— RECORD SET —

....

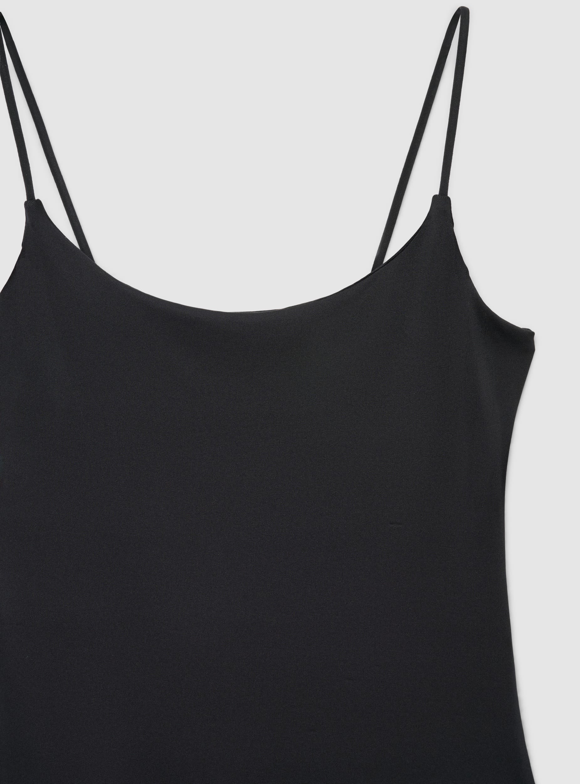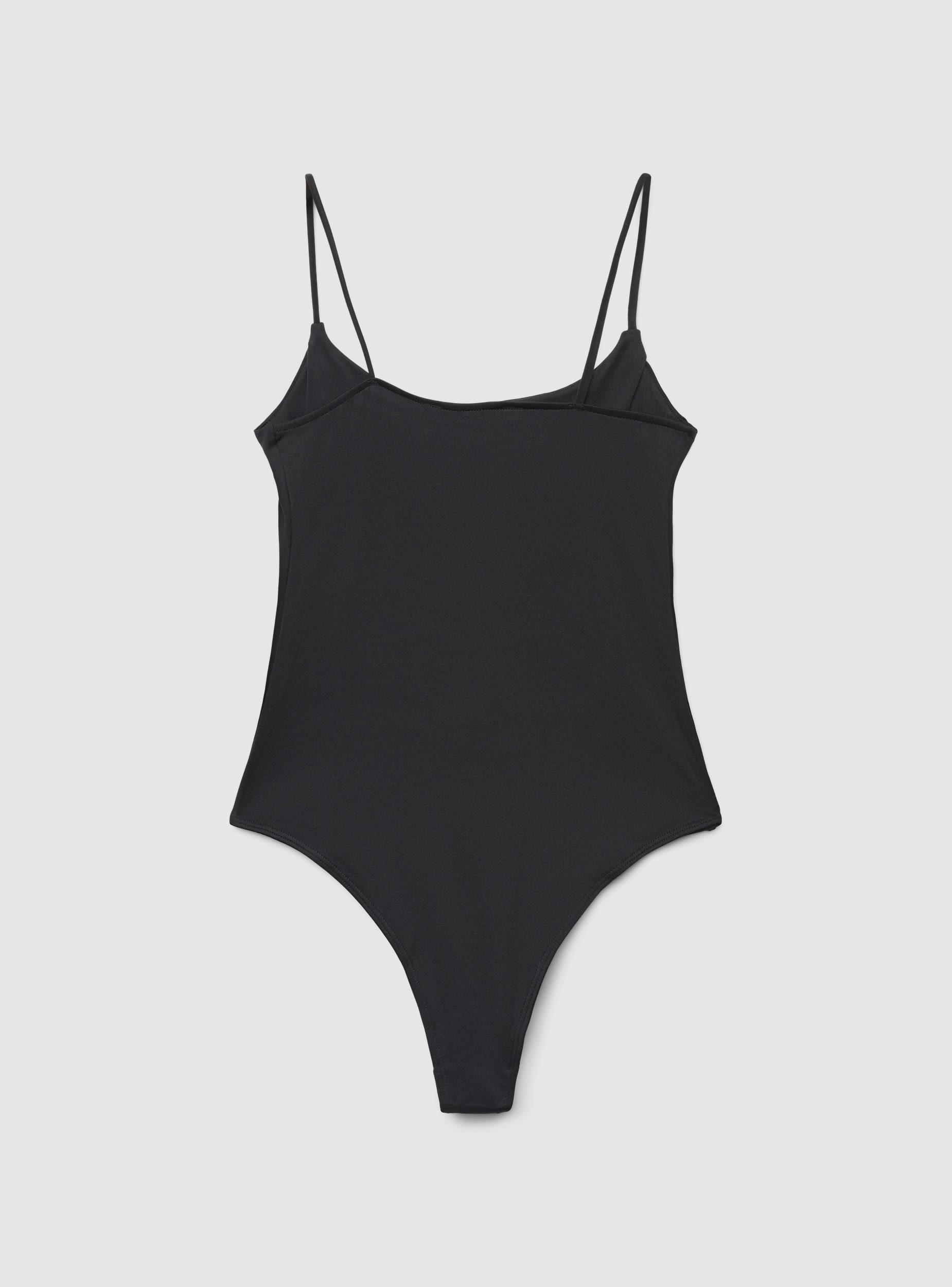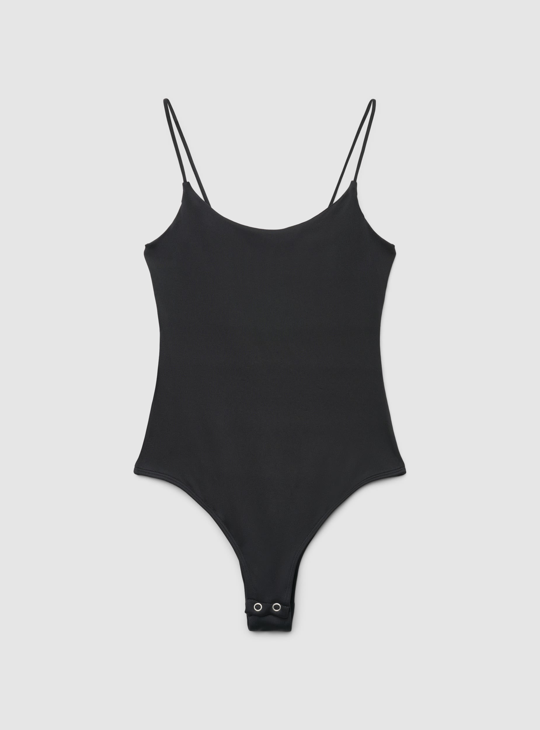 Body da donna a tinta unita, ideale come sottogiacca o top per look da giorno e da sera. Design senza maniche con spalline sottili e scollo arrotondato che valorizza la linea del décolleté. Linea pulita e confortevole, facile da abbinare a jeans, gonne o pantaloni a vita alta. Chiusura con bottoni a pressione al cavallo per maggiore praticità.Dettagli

....

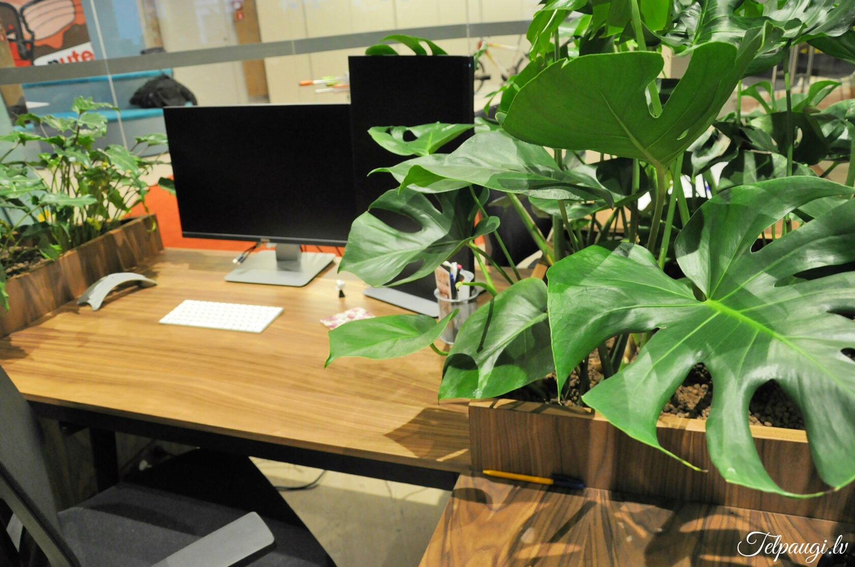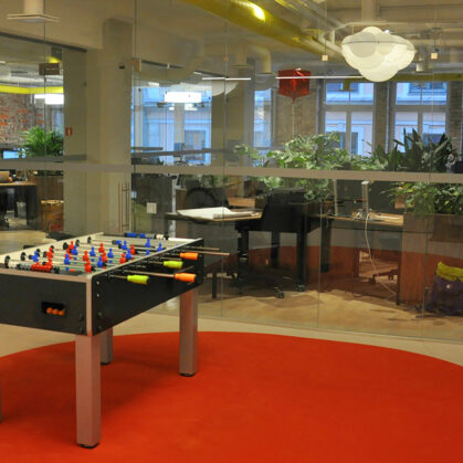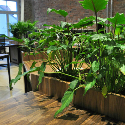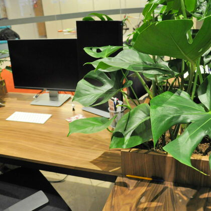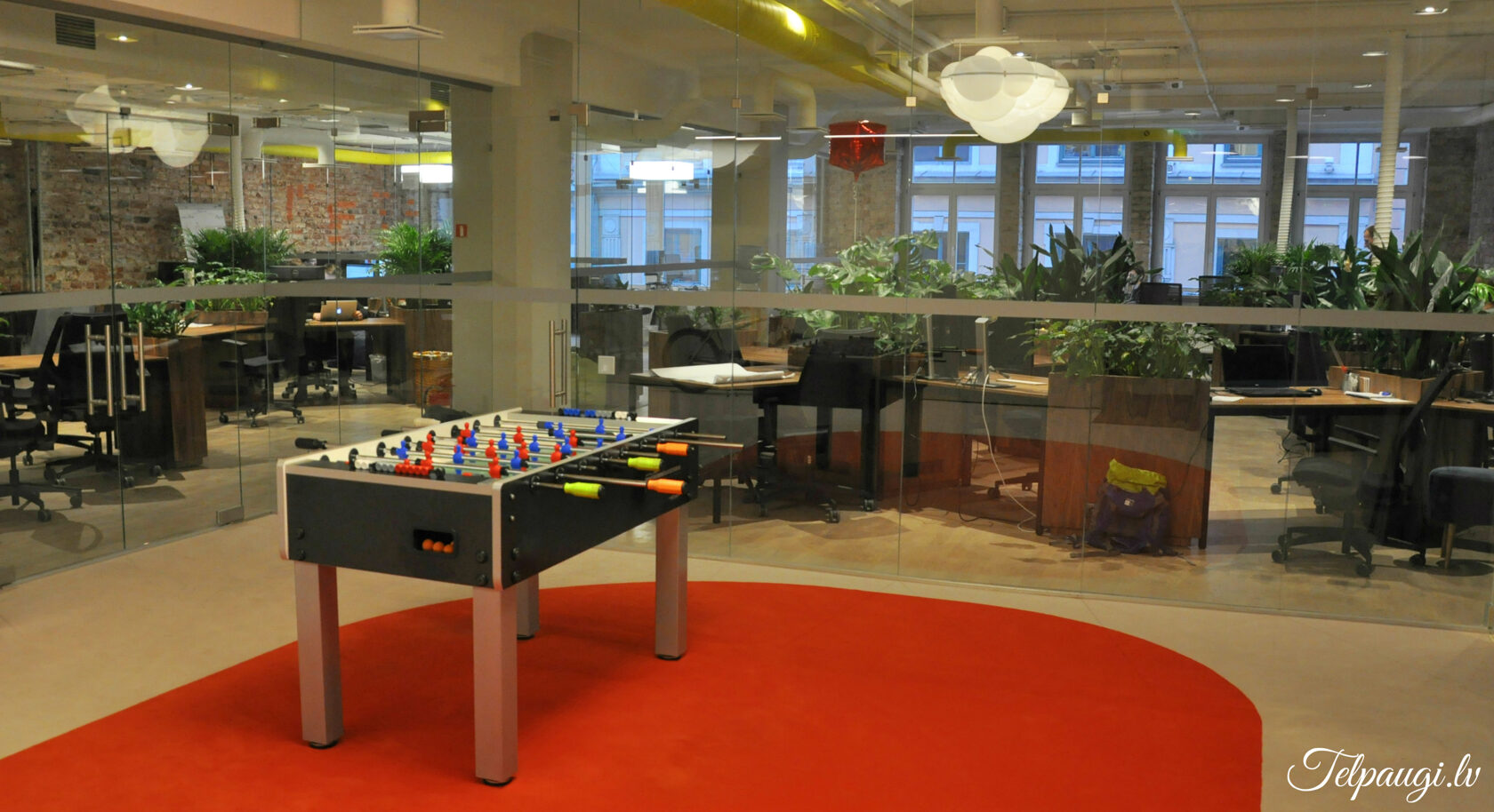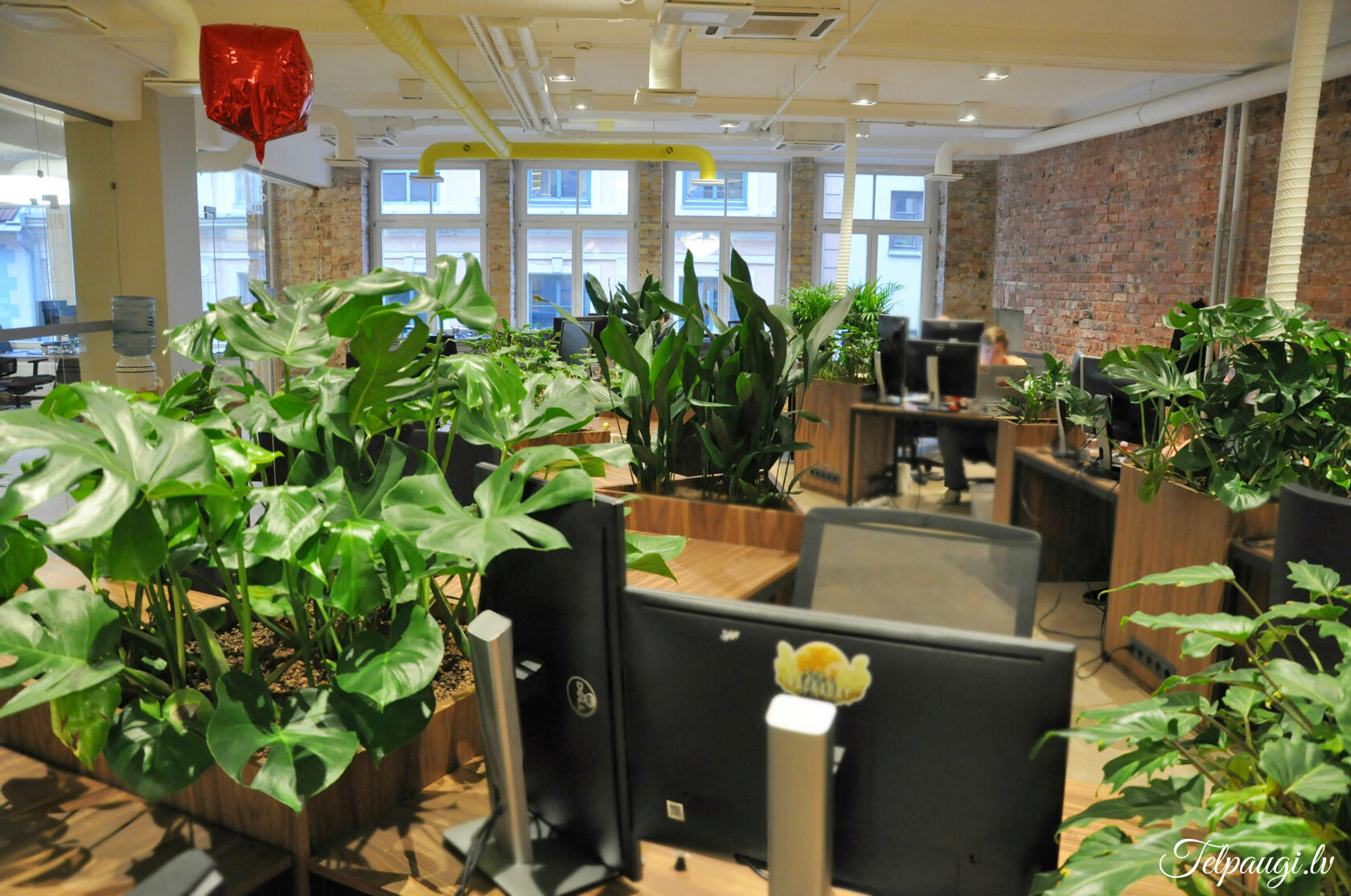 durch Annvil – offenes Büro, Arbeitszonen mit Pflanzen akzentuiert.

....

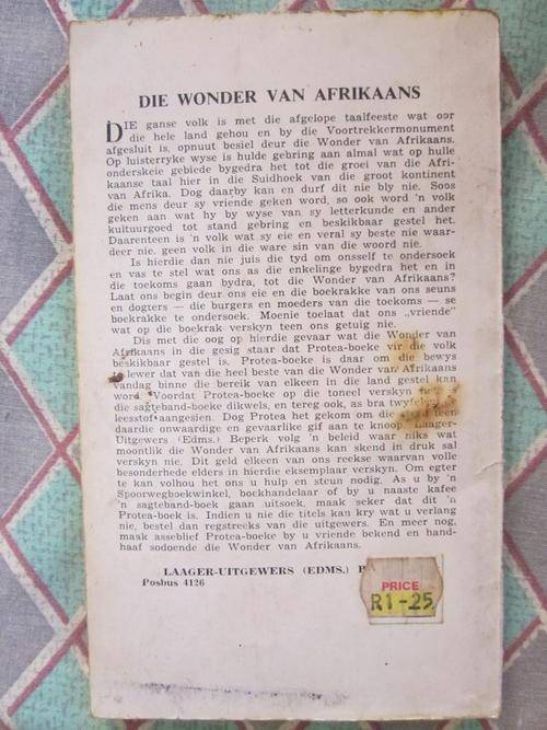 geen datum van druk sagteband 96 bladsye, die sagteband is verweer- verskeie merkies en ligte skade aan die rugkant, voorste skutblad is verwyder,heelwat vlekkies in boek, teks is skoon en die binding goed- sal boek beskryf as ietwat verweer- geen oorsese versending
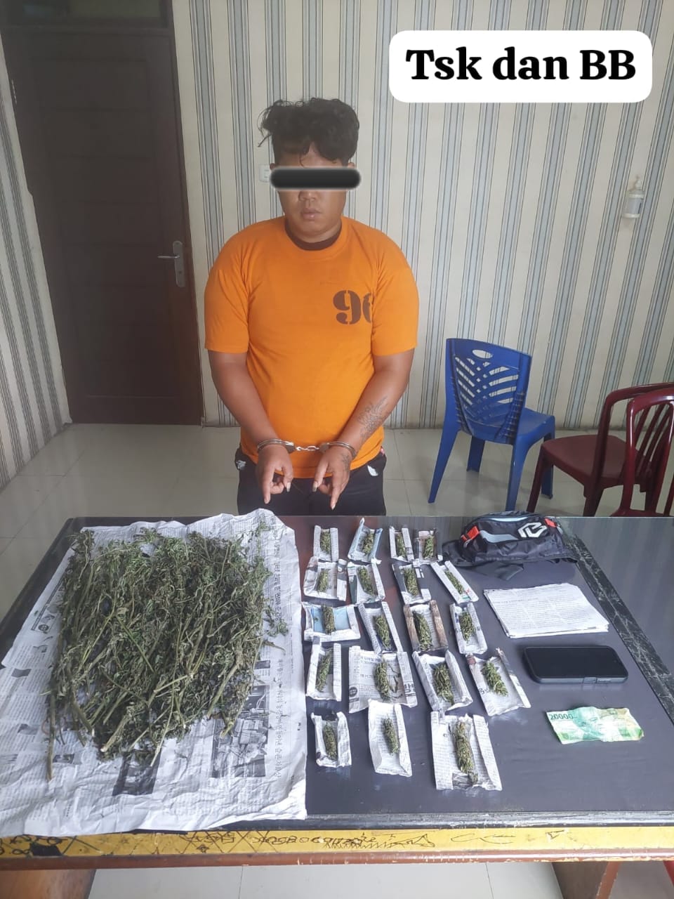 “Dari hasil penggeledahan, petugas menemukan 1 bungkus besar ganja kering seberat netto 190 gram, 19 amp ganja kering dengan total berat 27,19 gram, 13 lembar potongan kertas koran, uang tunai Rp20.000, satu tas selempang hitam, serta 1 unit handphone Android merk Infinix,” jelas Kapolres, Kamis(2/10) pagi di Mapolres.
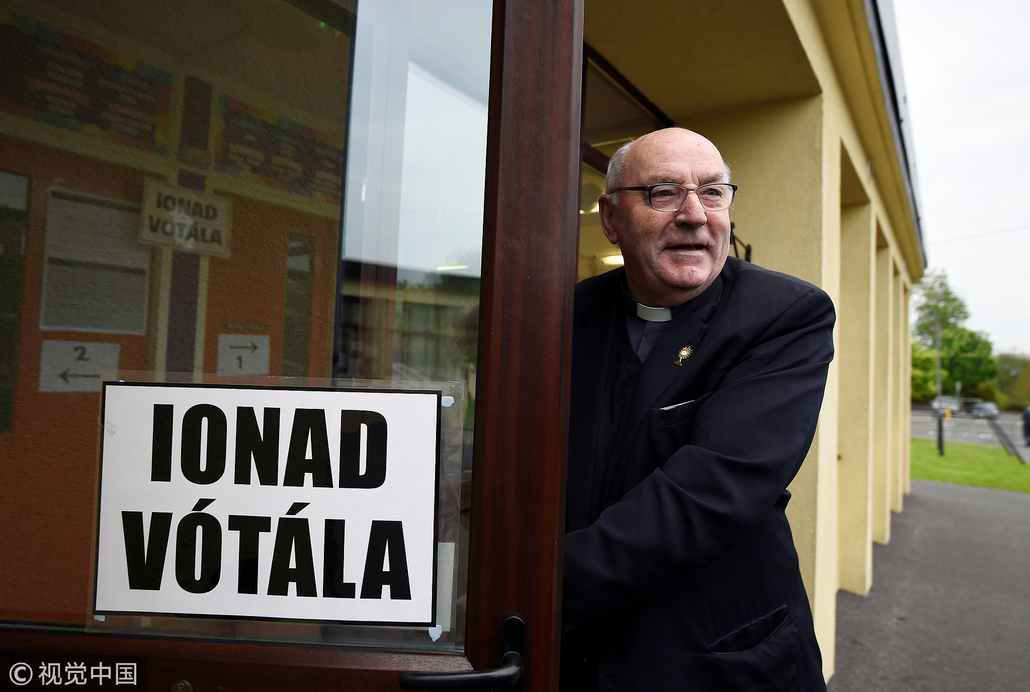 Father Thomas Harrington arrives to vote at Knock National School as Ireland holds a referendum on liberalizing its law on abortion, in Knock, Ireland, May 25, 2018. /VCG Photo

....

— EXERCISE AIM —
Give again the stretch of lines above from the one with "pagi di Mapolres." through the one with "Father Thomas Harrington", both ends kept, and copy no pictures.

— YOUR SOLUTION —
 “Dari hasil penggeledahan, petugas menemukan 1 bungkus besar ganja kering seberat netto 190 gram, 19 amp ganja kering dengan total berat 27,19 gram, 13 lembar potongan kertas koran, uang tunai Rp20.000, satu tas selempang hitam, serta 1 unit handphone Android merk Infinix,” jelas Kapolres, Kamis(2/10) pagi di Mapolres.
 Father Thomas Harrington arrives to vote at Knock National School as Ireland holds a referendum on liberalizing its law on abortion, in Knock, Ireland, May 25, 2018. /VCG Photo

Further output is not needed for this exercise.